2 Responses to The persistent and unreasonable confusion regarding grandmother cells

  1. Max Coltheart says:

    Jeff, I just don’t understand your use of the term “category” here: for example, you say “ *familiar* categories – people like your grandmother”. “Your grandmother” is not a category. A category is a class of things: all grandmothers, for example. Your grandmother is not a class of things; it is a single thing.

    See pp 352-353 of my paper in the grandmother cell special issue that you edited:

    “grandmother cells are specific responders. They do not respond selectively to some category of object; they respond selectively to one specific object . . . one could point to the definition of the term “ category” : “ a class or division of people or things regarded as having particular shared categories” (Oxford Dictionary of English). This definition rules out the idea that a specific single person or thing – Jay McClelland’ s
    maternal grandmother, for example, or David Plaut’ s
    car – can be referred to as “ a category” . So even a cell
    that responds to some subordinate category, no matter
    how fine grained that category is . . . by definition not a grandmother cell.”


    • Jeff Bowers says:

      Hi Max, thanks for being the first person to post on my new blog!

      I don’t agree with your claim regarding categories. My grandmother is a category for me. When looking through family photos, my visual system will successfully recognize her despite the variation in the images. On a grandmother cell hypothesis, I do this by activating cells that are selective to images of my grandmother. Of course, you do not have this category (she is unfamiliar to you), so there are no cells in your brain that selectively respond to her. That is why the Chang and Tsao (2017) paper is conceptually flawed: Just as there are no neurons in your brain that selectively respond to photos of my grandmother, there are no neurons in the brain of a monkey that selectively respond to unfamiliar human faces. The relevant question is whether there are neurons in *my* brain that respond to photos of *my* grandmother because I recognize her.

      In my view, the same logic applies to different levels of categorization. On the grandmother cell hypothesis, my ability to categorize images of your grandmother as a person would reflect another set of neurons that selectively respond to human faces. If understand your paper, such a cell should be called a ‘gnostic unit’ rather than a grandmother cell because it is selective to a broader category (all people). I agree it is important to distinguish between subordinate and basic level categorization, and indeed, it is possible that grandmother cells support one type of categorization and distributed representations support another. But whether we should restrict the term ‘grandmother cells’ to subordinate level categorizations and ‘gnostic units’ to basic level categorizations is more of a terminological rather than substantive issue (if I’m understanding). I think it is simpler to use grandmother cells to refer to the hypothesis that categorization (at whatever level) are performed by selective neurons.
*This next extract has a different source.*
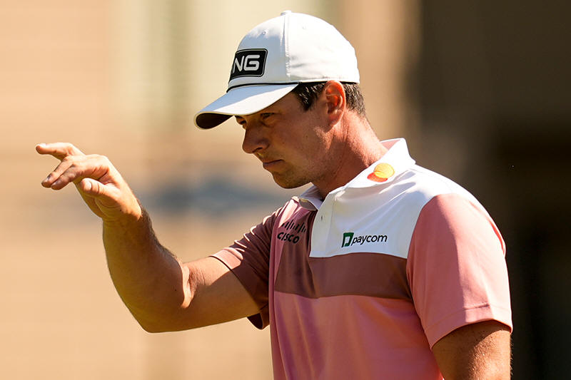 Viktor Hovland, of Norway, lines up a putt on the second green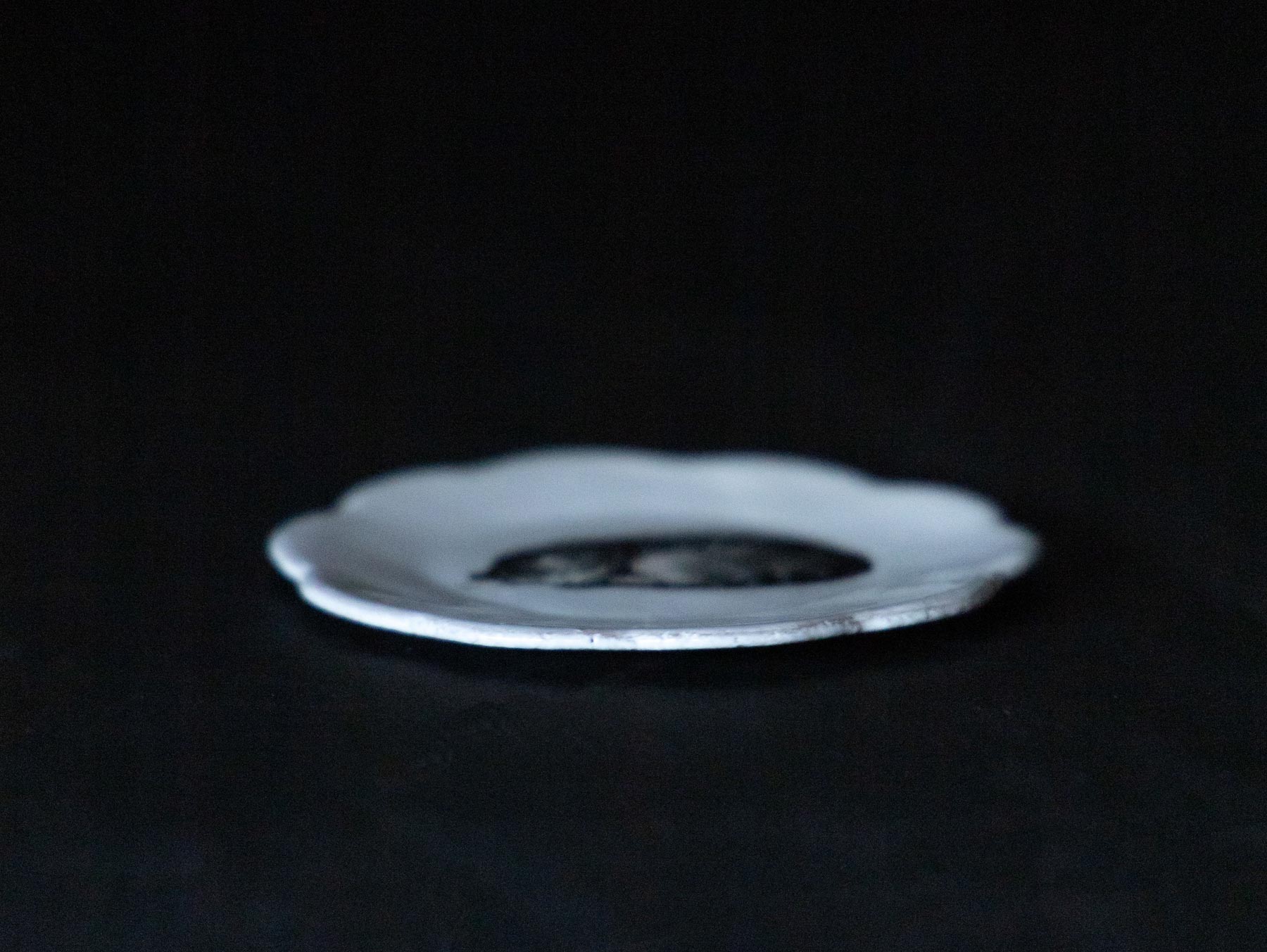 直径8.5cmの小さなお皿に、丸くなって眠る猫の絵柄が配されています。手のひらに収まる猫の姿に、愛おしくなります。

      It is also worth noting that neurons have been found that respond highly selectively at different levels of description. The early hand-detector neurons reported by Gross et al. may have been categorizing information at a basic level, whereas the Jennifer Aniston neuron identified by Quian Quiroga et al. may have been categorizing information at the subordinate level. I do realize that the Jennifer Aniston neuron was in the hippocampus rather than visual cortex, but single neurons may make subordinate categorizations visual cortex as well, at least when the categories are familiar – e.g., see Logothetis, J. Pauls, and T. Poggio, (1995), Current Biology, 5, p. 552–563.